Task to complete.
Repeat exactly the lines of the material below that run from the "A bottle of" line to the "[4] 조선일보 - 1월" line, including both, and do not carry over any pictures.

Data supplied.

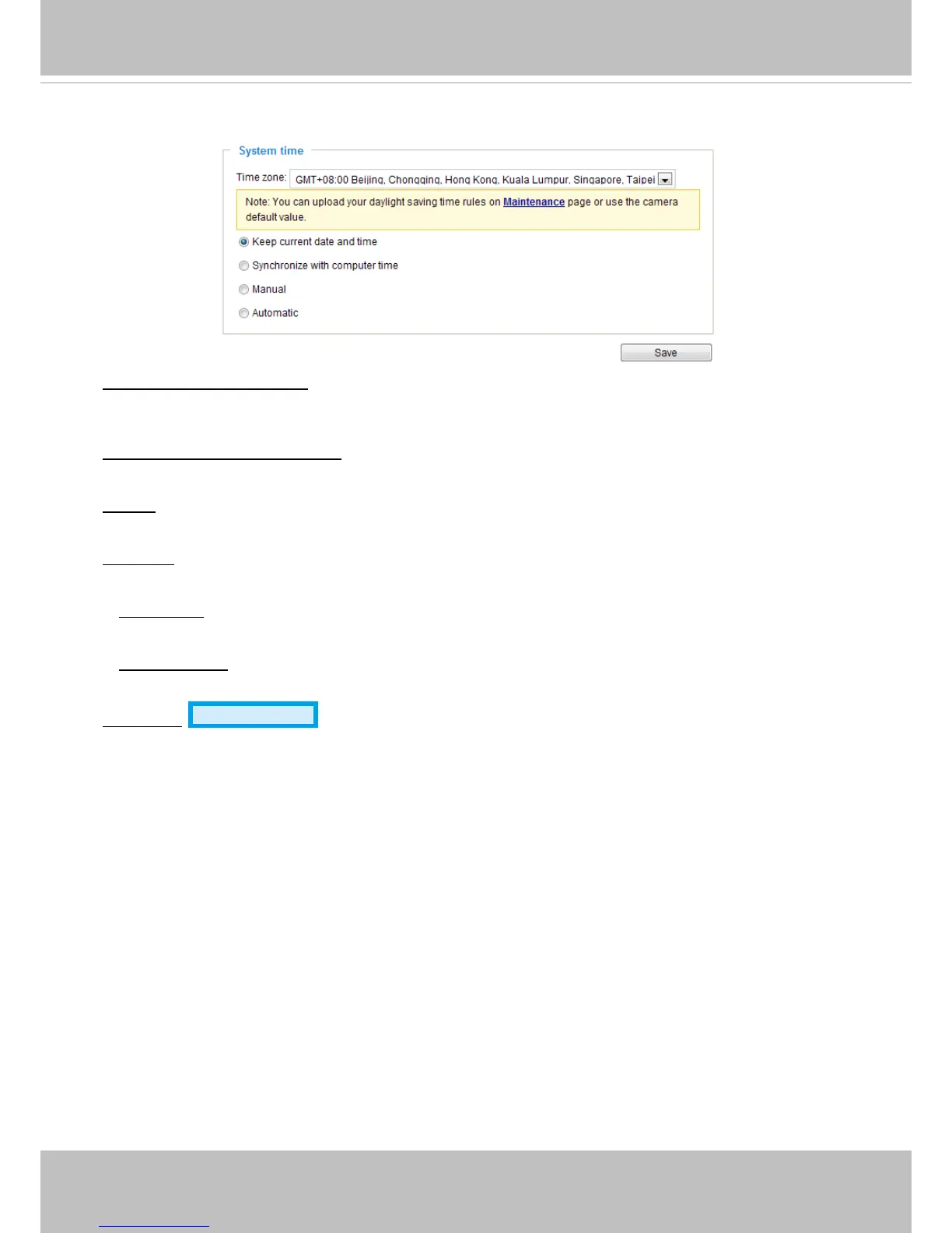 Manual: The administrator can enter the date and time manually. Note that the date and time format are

* * *

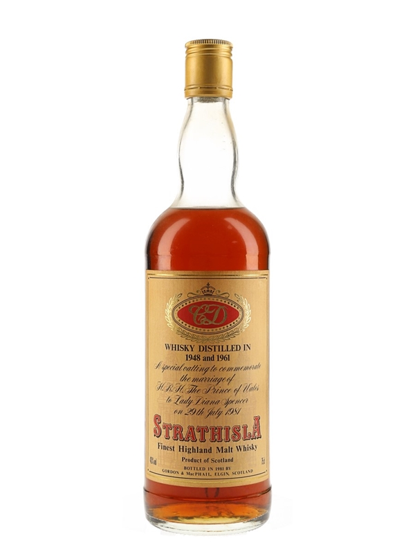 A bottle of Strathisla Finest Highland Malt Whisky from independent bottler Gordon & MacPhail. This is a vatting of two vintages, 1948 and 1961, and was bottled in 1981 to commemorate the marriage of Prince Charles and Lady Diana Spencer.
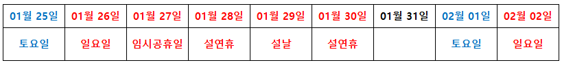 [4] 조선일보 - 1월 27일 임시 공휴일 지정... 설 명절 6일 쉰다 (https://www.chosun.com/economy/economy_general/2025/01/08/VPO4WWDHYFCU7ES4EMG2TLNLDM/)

--

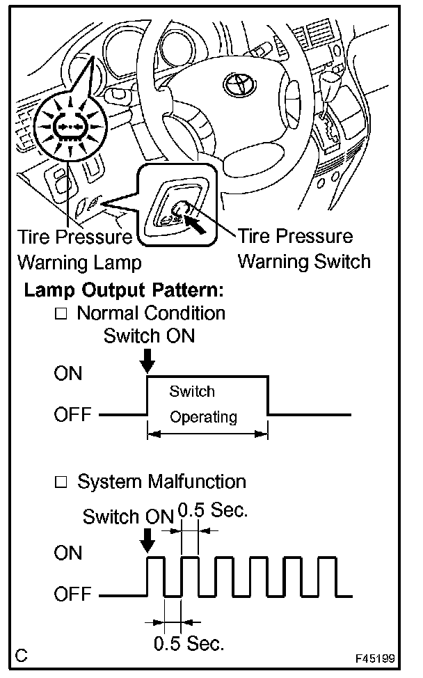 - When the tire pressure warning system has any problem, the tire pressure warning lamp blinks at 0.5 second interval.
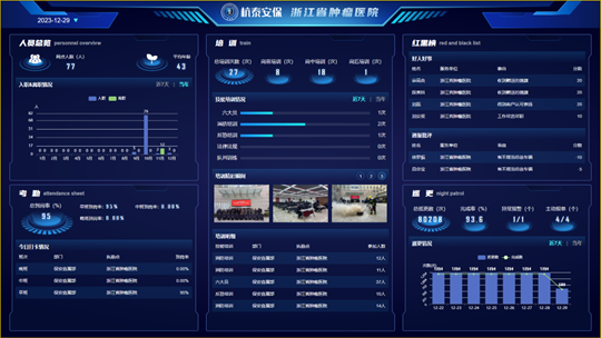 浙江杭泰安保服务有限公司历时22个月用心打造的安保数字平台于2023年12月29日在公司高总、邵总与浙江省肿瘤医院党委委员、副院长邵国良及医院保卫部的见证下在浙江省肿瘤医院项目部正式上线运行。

Finished exercise.
 A bottle of Strathisla Finest Highland Malt Whisky from independent bottler Gordon & MacPhail. This is a vatting of two vintages, 1948 and 1961, and was bottled in 1981 to commemorate the marriage of Prince Charles and Lady Diana Spencer.
 [4] 조선일보 - 1월 27일 임시 공휴일 지정... 설 명절 6일 쉰다 (https://www.chosun.com/economy/economy_general/2025/01/08/VPO4WWDHYFCU7ES4EMG2TLNLDM/)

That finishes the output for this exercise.